The localization of photosensitizers and timely efficacy evaluation highly affect efficiency of photodynamic therapy (PDT) and the resistance of residual tumor cells. Mitochondria-targeted PDT is an effective modality; however, it may encounter certain resistance caused by autophagy, a cytoprotective manner competing with cell apoptosis. Mitochondria and RNA interact closely in cell apoptosis and autophagy processes. Here, a multifunctional photosensitizer (M1) is developed for cascade mitochondria- and RNA-targeted PDT and efficacy self-monitoring. It possesses the capabilities of radical reactive oxygen species generation and migration from mitochondria to RNA in cells accompanied by fluorescence turn-on during PDT. The subsequent RNA targeting by M1 can suppress autophagy and promote mitochondria-mediated cell apoptosis. Moreover, with RNA-specific switch-on and photostable fluorescence, M1 can also be used for real-time monitoring therapeutic responses of PDT. Our study provides insights into the mechanism and regulation of cell apoptosis, autophagy, and PDT resistance by a cascade-binding photosensitizer, inspiring the design of multi-targeted and fluorescence-switchable single-molecule photosensitizers.

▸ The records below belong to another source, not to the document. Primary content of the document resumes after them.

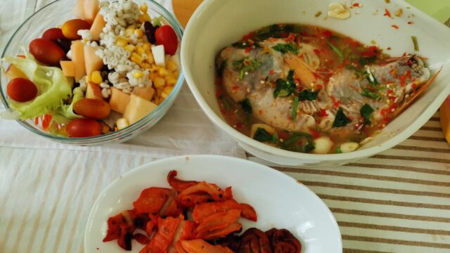 嫁氏用の「プラーヌンマナオ」だけれど、美味しいけど辛いらしく次の日の嫁氏はお尻が熱いトンシアになる。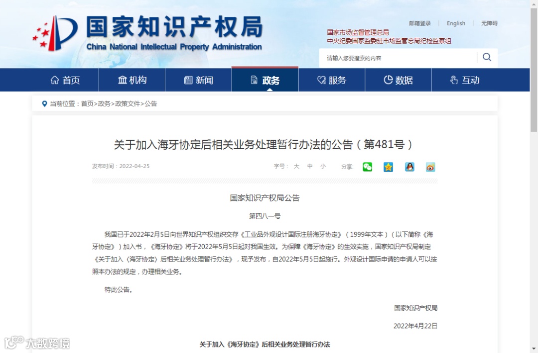 我国已于2022年2月5日向世界知识产权组织交存《工业品外观设计国际注册海牙协定》(1999年文本)(以下简称《海牙协定》)加入书,《海牙协定》将于2022年5月5日起对我国生效。为保障《海牙协定》的生效实施,国家知识产权局制定《关于加入〈海牙协定〉后相关业务处理暂行办法》,现予发布,自2022年5月5日起施行。外观设计国际申请的申请人可以按照本办法的规定,办理相关业务。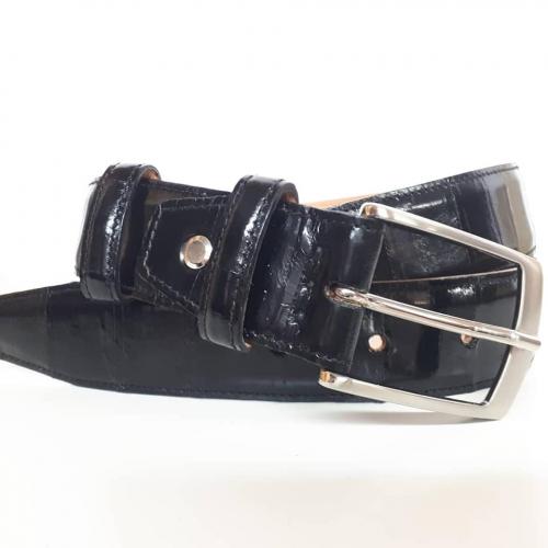 cintura in pelle di anguilla colore nero con fondo vero cuoio conciato al vegetale altezza 3,5 lunghezza regolabile lavorazione artigianale made in italy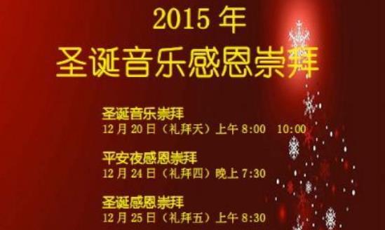 圣诞音乐崇拜:2015年12月20日(礼拜日)上午八点、十点两场;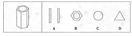 下列的立体图形是六棱柱中挖出一个圆柱后形成的,如果从任一面剖开,以下哪一个不可能是该立体图形的截面? A.如图 B.如上图 C.如上图...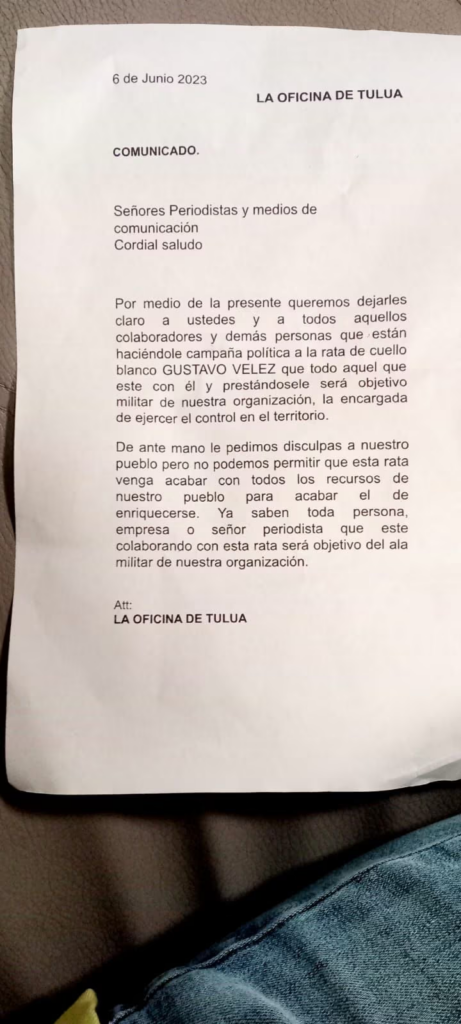 Así quedó implícito el pasado 6 de junio, cuando minutos antes de llegar a su sede para anunciar la decisión de aspirar de nuevo al cargo, un vehículo blanco se atraviesa en la vía y dos hombres descienden y descargan ráfagas de fusil contra la instalación. Acto seguido, ponen a circular un ‘comunicado’ en el que declaran objetivo militar a cualquier periodista que emita alguna información que haga referencia a la precandidatura o la campaña de Gustavo Vélez.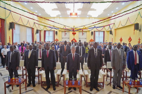 2024年9月25日,驻南苏丹使馆举办庆祝中华人民共和国成立75周年招待会,驻南苏丹大使马强和南代理外长蒙代出席并致辞。南总统高级顾问曼扬、路桥部长米约克、央行行长阿利克等政府、政党及各界代表,中国援南医疗队、维和部队和中资企业、侨胞代表等200余人欢聚一堂。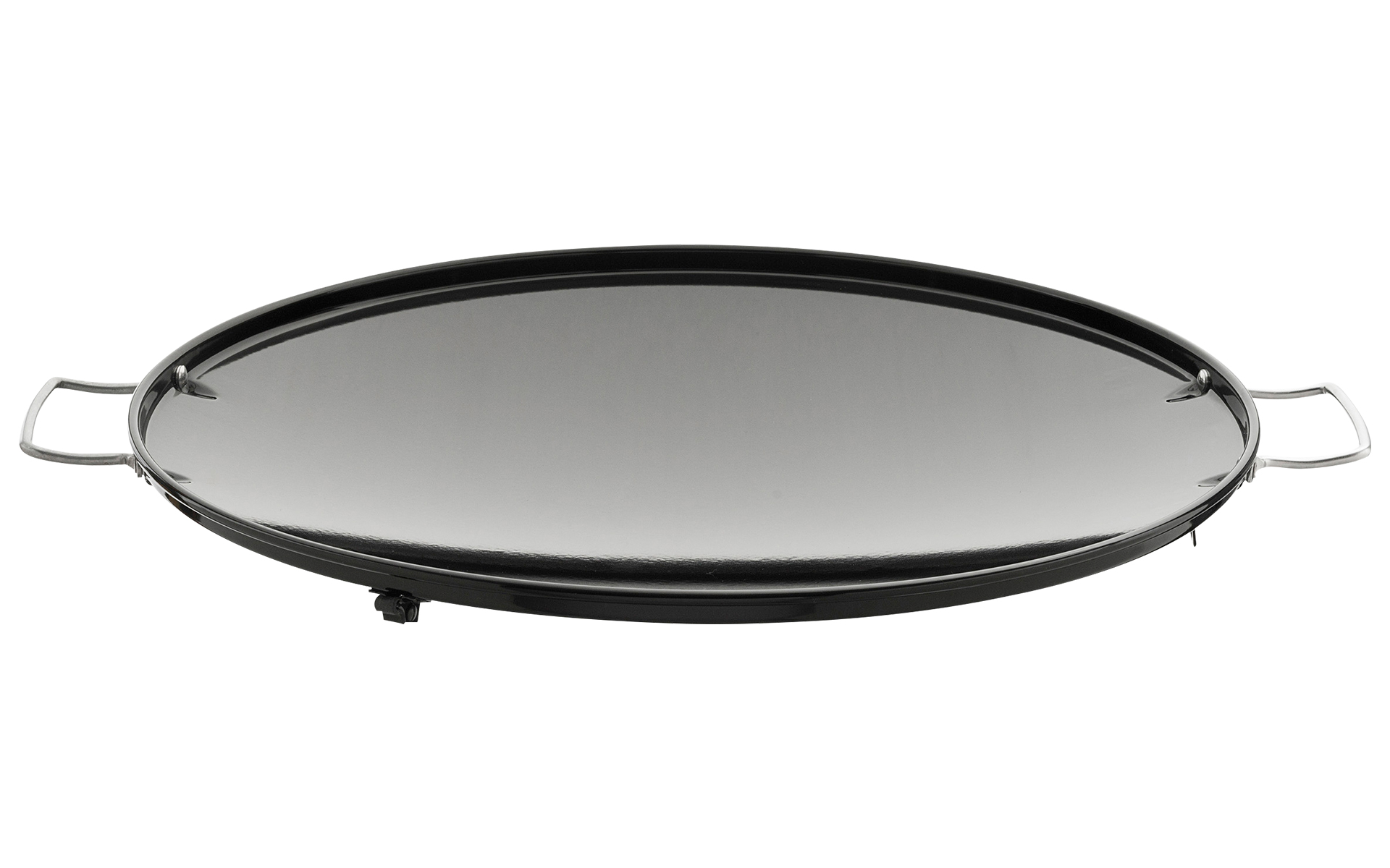 Mit 2 Handgriffen. Höhe (tiefste Stelle) 5,5 cm, Dicke 1,5 cm Durchmesser: 49 cm, Höhe: 5,5 cm, Farbe: schwarz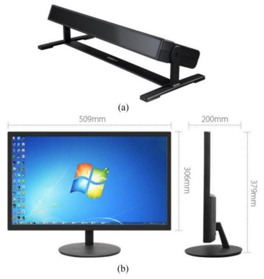 Figure 3. Hardware device of the system. (A) shows the Tobii Pro Spectrum eye-tracking device, (B) shows the 24” IPS bezel-less touchscreen display and Tobii Pro Spectrum.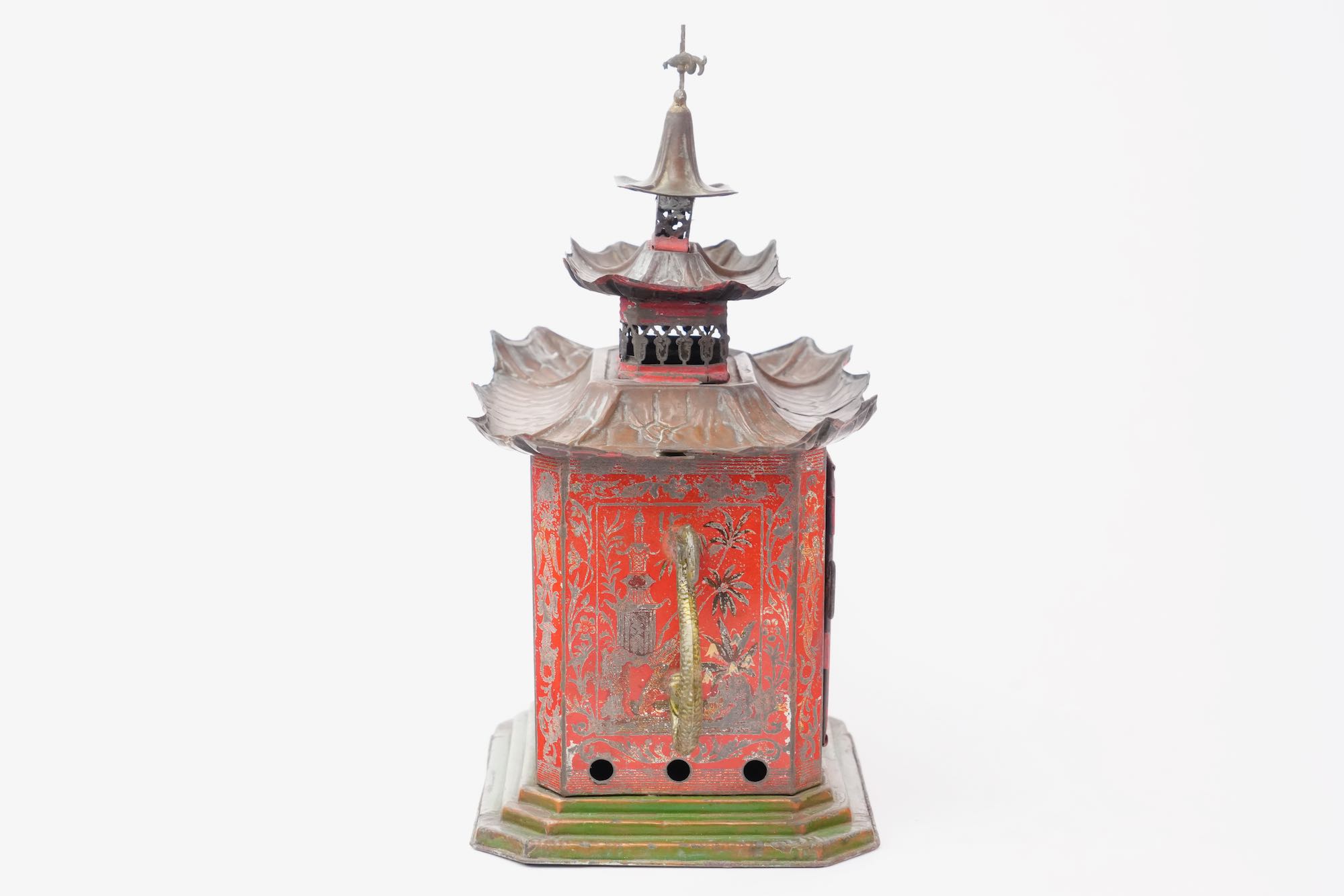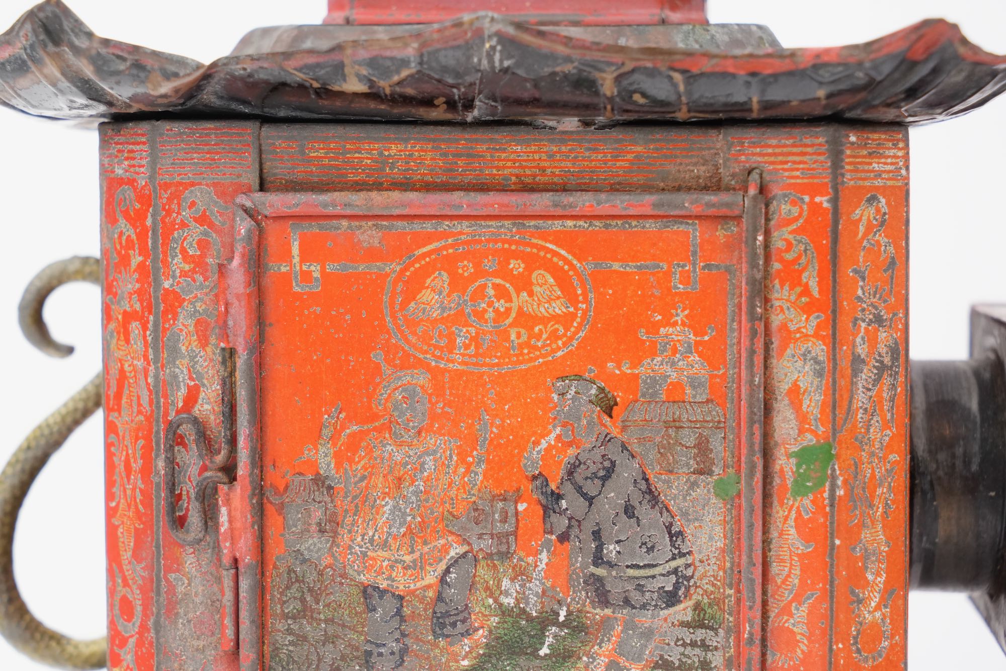<p data-start="0" data-end="558" data-is-last-node="" data-is-only-node="">Lanterne magique dite « La Pagode », fabriquée par Ernst Plank à Nuremberg à la fin du XIXᵉ siècle ; lanterne en tôle peinte, au socle vert et au corps à quatre faces rouges ornées de décors d’inspiration chinoise représentant personnages, architectures et motifs végétaux, tandis que la superstructure à toits superposés évoque la forme d’une pagode, reflet du goût européen pour l’exotisme et la chinoiserie ; destinée à l’usage de plaques de verre d’environ 4,5 cm de hauteur ; état de conservation moyen, avec usures et altérations de la polychromie.</p>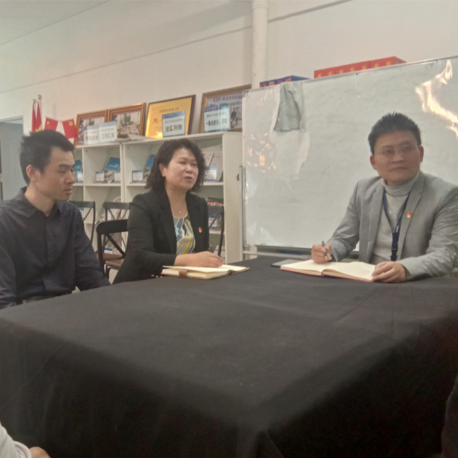 家商城总经理冷亚伟对彭月嫦部长一行表示热情欢迎,并饱含深情的说到,家商城党支部2013年10月28日成立,2019年,公司党支部被评为“中共广州市天河区星级党支部”,作为党的基层组织,家商城一贯高度重视教育,现有员工100%都受过高等教育,为家商城的不断发展提供了源源动力,这让我们深知教育的重要性。教育促进了家商城的发展,家商城也一定会反哺教育,2021年全国“两会”政府工作报告明确提出“增强职业教育适应性,深化产教融合、校企合作”,家商城必将为深化校企合作不断添砖加瓦。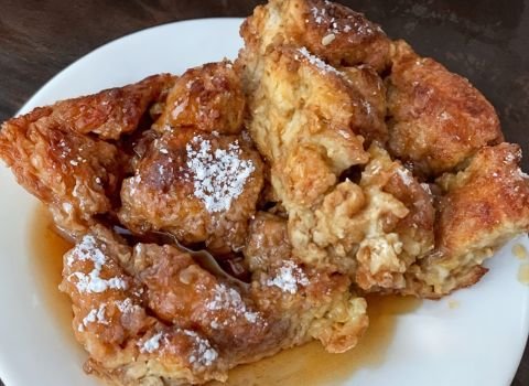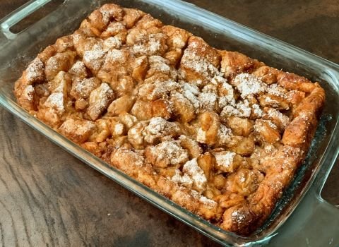 It feeds everyone at once, can be prepped the night before, and bakes while I slow down and breathe. The result feels rich and comforting, like a bakery-style breakfast at home.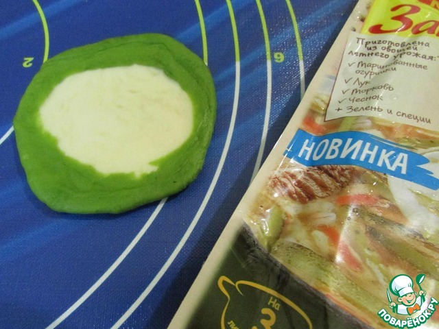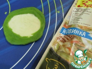 Затем раскатать две колбаски из двух видов теста - белую и зеленую. Тесто очень мягкое и эластичное, не требует дополнительного подпыливания мукой рабочей поверхности. Зеленую колбаску раскатать шириной примерно 8-9 см.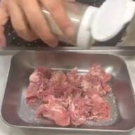 2. 豚肉は食べやすい大きさに切って別のボウルに入れ、サラダ油大さじ1、小麦粉大さじ1を順にまぶす。【A】は混ぜ合わせる。

光敏剂的定位和及时的疗效评估高度影响光动力疗法（PDT）的效率和残留肿瘤细胞的抵抗力。线粒体靶向 PDT 是一种有效的方式；然而，它可能会遇到由自噬引起的某些抵抗，自噬是一种与细胞凋亡竞争的细胞保护方式。线粒体和 RNA 在细胞凋亡和自噬过程中密切相互作用。在这里，开发了一种多功能光敏剂 ( M1 )，用于级联线粒体和 RNA 靶向 PDT 和功效自我监测。它具有在细胞中产生自由基活性氧和从线粒体迁移到 RNA 的能力，并在 PDT 期间伴随荧光开启。随后通过M1靶向 RNA能抑制自噬，促进线粒体介导的细胞凋亡。此外，通过 RNA 特异性开启和光稳定荧光，M1还可用于实时监测 PDT 的治疗反应。我们的研究提供了对级联结合光敏剂对细胞凋亡、自噬和 PDT 抗性的机制和调节的见解，启发了多靶点和荧光可切换的单分子光敏剂的设计。